Leo Pharma files Enstilar (calcipotriol/betamethasone dipropionate), a cutaneous foam, in EU for treatment of Psoriasis

Leo Pharma A/S has announced it submitted a Marketing Authorisation Application to 30 European Health Authorities for Enstilar (calcipotriol/betamethasone dipropionate 50 micrograms/g / 0,5 mg/g) cutaneous foam for the treatment of psoriasis vulgaris, a chronic, inflammatory skin disease that can significantly impact quality of life for patients. Enstilar has the potential to be the first fixed combination cutaneous foam approved for the treatment of psoriasis vulgaris. The new cutaneous foam formulation is a fixed combination of calcipotriol and betamethasone (as dipropionate) developed with the aim of improving treatment for patients with psoriasis vulgaris – the most common form of psoriasis.

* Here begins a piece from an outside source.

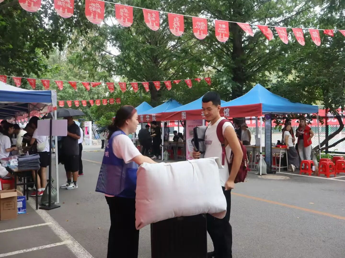报到工作有序开展,学院老师和志愿者们热情地为新生办理手续、搬运行李,用笑容与关怀,消解新生初来乍到的陌生感。
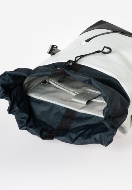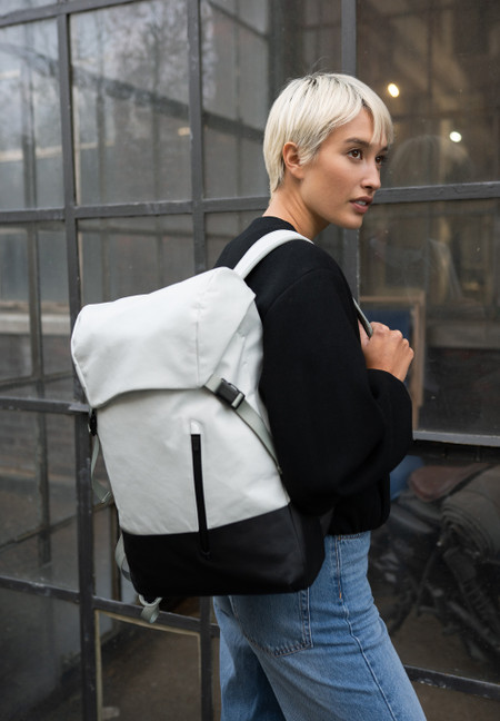 The lightweight yet extremely durable recycled nylon is certified according to the Global Recycled Standard. In addition to a water-repellent impregnation, a PFC- and PFAS-free coating provides reliable protection against moisture and gives the material a highly functional, weather-resistant surface. Furthermore, we use special water-repellent high-performance threads. The zippers are treated with a water-repellent finish. The Aquaguard zippers by YKK are made from recycled PET. The leather details on the non-vegan styles are made from sustainably tanned premium cowhide leather and come from an LWG-certified tannery. The a/u lining is made from recycled polyester. care advice

The European submission is based on the phase IIIa trial, the PSO-FAST trial, which evaluated the efficacy, safety, itch relief and improvement of itch-related sleep loss across a four week period with Enstilar as well as the phase 2 maximum use systemic exposure safety study of Enstilar.

> In December 2014, a New Drug Application (NDA) was submitted to the FDA for Enstilar.